Then I came to the difference between the Thomistic and the Scotistic concepts of God, and the great consequences of this – God is primarily intellect in Aquinas and primarily will in Scotus and, with will, the threat against everything which can be deduced, the impossibility of deducing anything because God’s will is nothing other than what He wills, but you cannot make Him dependent on anything else, even on principles described that as the “threat” against the safety of rationalism, and described it also as one of the roots of the good sides in positivism, namely the humble acceptance of reality as it is given, given by the irrational ground of being, given by the irrational will of God.

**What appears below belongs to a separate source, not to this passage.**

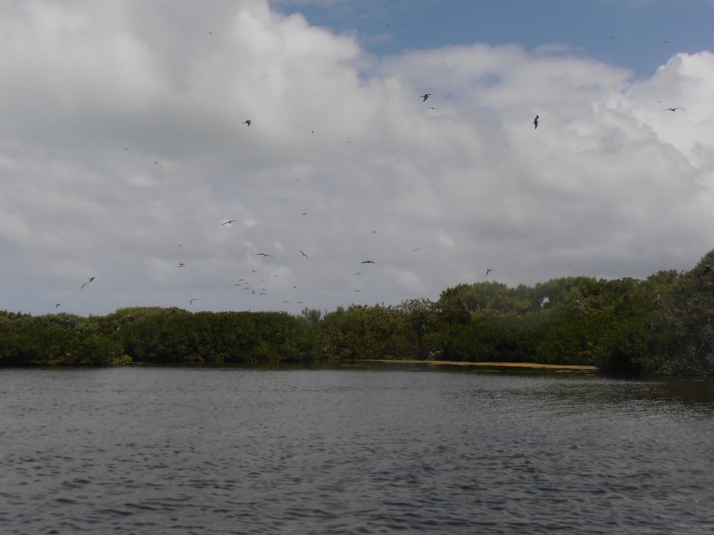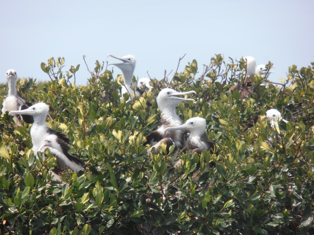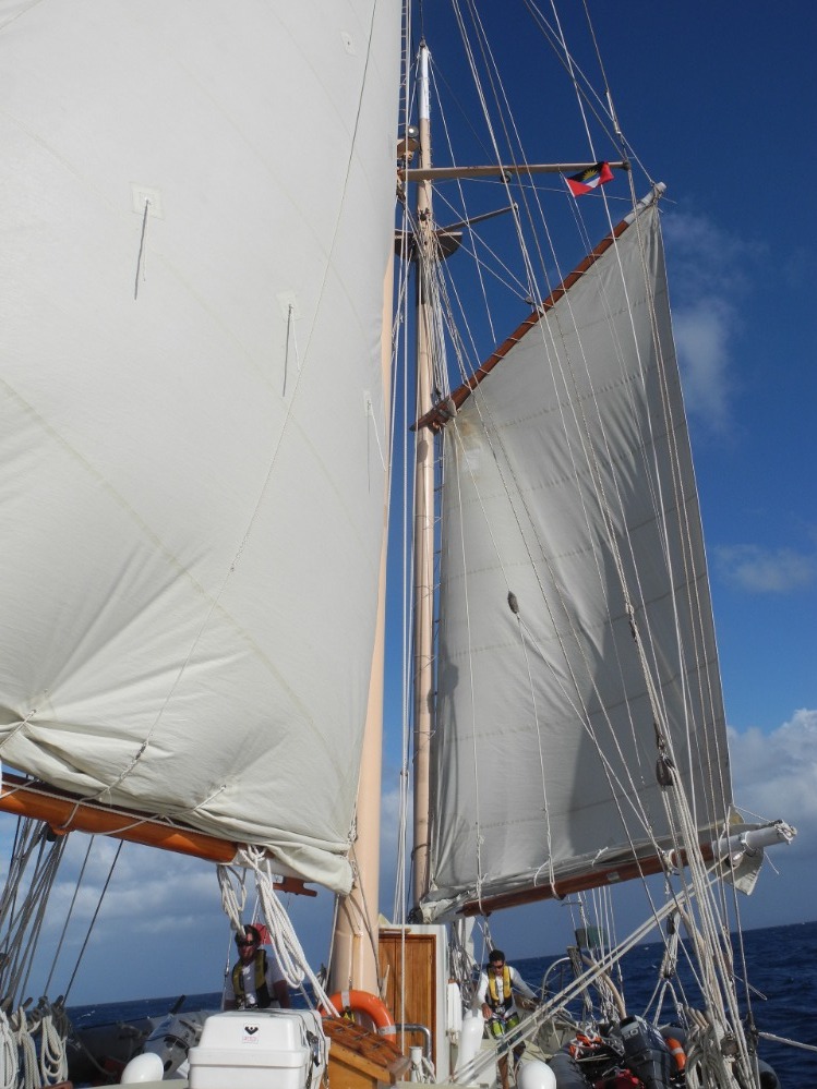 The crew of Ocean Star was woken up to a massive swell rocking us in our anchorage, rousing us from our sleep in the most pleasant of ways. After quickly hoisting the anchor and moving our lovely boat to another, slightly more peaceful side of the island, we left for our frigate tour. We visited Codrington Lagoon, a huge, beautiful lagoon that is the nesting place of countless birds, most noticeably – the magnificent frigate bird. Frigates can live up to about 40 years and can have a wingspan of up to 8 feet but never get any heavier than a chicken. When we returned, the sea had yet to calm down, so we headed off to St. Barths earlier than originally planned. We used our watch teams for the first time in a while, and watch team one was privileged enough to see O-Star sail wing on wing, with our mainsail on a starboard tack while our foresail was simultaneously on a port tack. We flew, and it was magnificent.

Now I go back to Thomas Aquinas and discuss a few of his doctrines which are so important that we all must know them. The first is his doctrine of nature and grace. His famous statement reads: “Grace does not remove nature but fulfills it.” Now this is a very important principle – grace is not the negation but the fulfillment of nature. I can now use my long excursus about Pelagianism in saying that the radical Augustinians – or more exactly the Manichaean distortions of Augustine – would not follow Thomas in this sentence. They would say that grace removes nature, just as I said that that the New Being is a negation of the old creation, and not only of the distortion of the old creation. For Thomas Aquinas, with whom I feel very much in unity in this point, nature and grace are not two contradictory concepts – only distorted or estranged nature and grace are contradictory concepts, but not nature as such. But now he says that nature is fulfilled in supra-nature; and supra-nature is grace. This is a structure of reality which was always, even by creation. God gave to Adam in Paradise not only his natural abilities but, beyond this, a donum superadditum, a gift which he added to his natural gifts, namely the gift of grace which made it possible for Adam to consist in his state of union with God.